W tej całej wspaniałości Afryki najpiękniejsze jest chyba to, że, poza pokazywaniem nam świata, uczy nas go zrozumieć. Tutaj dopiero w pełni widzę, jak strasznie porąbane jest miejsce, w którym wszyscy żyjemy. Na co dzień zapominamy o drobnych radościach, kierujemy się stereotypami, jesteśmy zawistni i bardziej interesuje nas życie innych niż własne. Nie potrafimy cieszyć się ciszą a samotność traktujemy jak karę. Kto z was ostatnio powąchał owoc przed zjedzeniem i zastanowił się, jak on pachnie? Kto z was powiedział drugiej osobie coś miłego, ot tak, bez powodu? A może ktoś pożyczył miłego dnia obcemu? Kto usiadł na balkonie kiedy pada i posłuchał jak brzmi deszcz?

Zamiast tego kupujemy i konsumujemy bez zastanowienia. Mijamy na ulicy ludzi, którym nawet nie spojrzymy w twarz, a mogliby nam dać tyle miłości. Każdego dnia budzimy się rano i wracamy do domu wieczorem, jak roboty, nawet nie zastanawiając się nad sensem tego, co robimy.
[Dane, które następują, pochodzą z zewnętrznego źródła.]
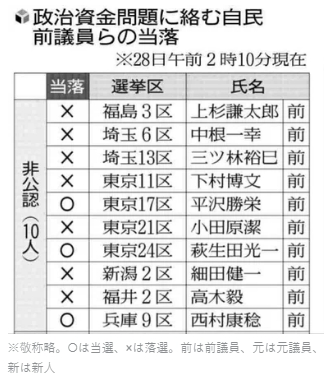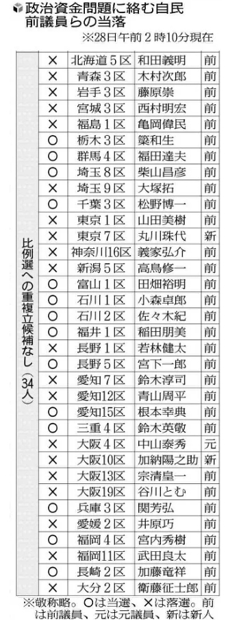 因黑金醜聞未得到自民黨公認的候選人當選情況(圖注:○表示當選,×表示未當選。“前”指“前國會議員”,“舊”指“指前國會議員”,“新”指新人。)讀賣新聞

Uzależniamy się od rzeczy, które tak łatwo mogą przeminąć.

Każdemu z was szczerze życzę, aby znalazł się kiedyś w miejscu, w którym poczujecie, że coś się w was zmienia. Ja w takim miejscu właśnie jestem i czuję jak z dnia na dzień zmieniam się na lepsze.

Pozdrowienia z Ugandy!


Chcesz podzielić się swoimi doświadczeniami i opublikować własny List z Afryki? Zajrzyj tutaj.

15 komentarzy

  1. Lansowany w Europie slow life vs. prawdziwe, afrykańskie „pole pole”? 🙂 Prostotę i spokojne życie można jeszcze u nas znaleźć we wschodniej Polsce, gdzieś na wsi, daleko od wszystkiego, ale nie w miastach.
    Ech, i jak Ty tu wrócisz niebawem, do naszego miejskiego życia, co? 🙂

    • Justyna Śnieżek Justyna Śnieżek

      Nie tak niebawem, moja droga 🙂 Najbliższy rok szykuje się tutaj. A później zobaczymy… 🙂

      • A bierzesz pod uwagę zostanie tam na stałe? Pozdrawiam i szczerze podziwiam! 🙂

        • Justyna Śnieżek Justyna Śnieżek

          Biorę, jak najbardziej, ale zobaczymy, jak się wszystko potoczy 🙂 Pozdrawiam!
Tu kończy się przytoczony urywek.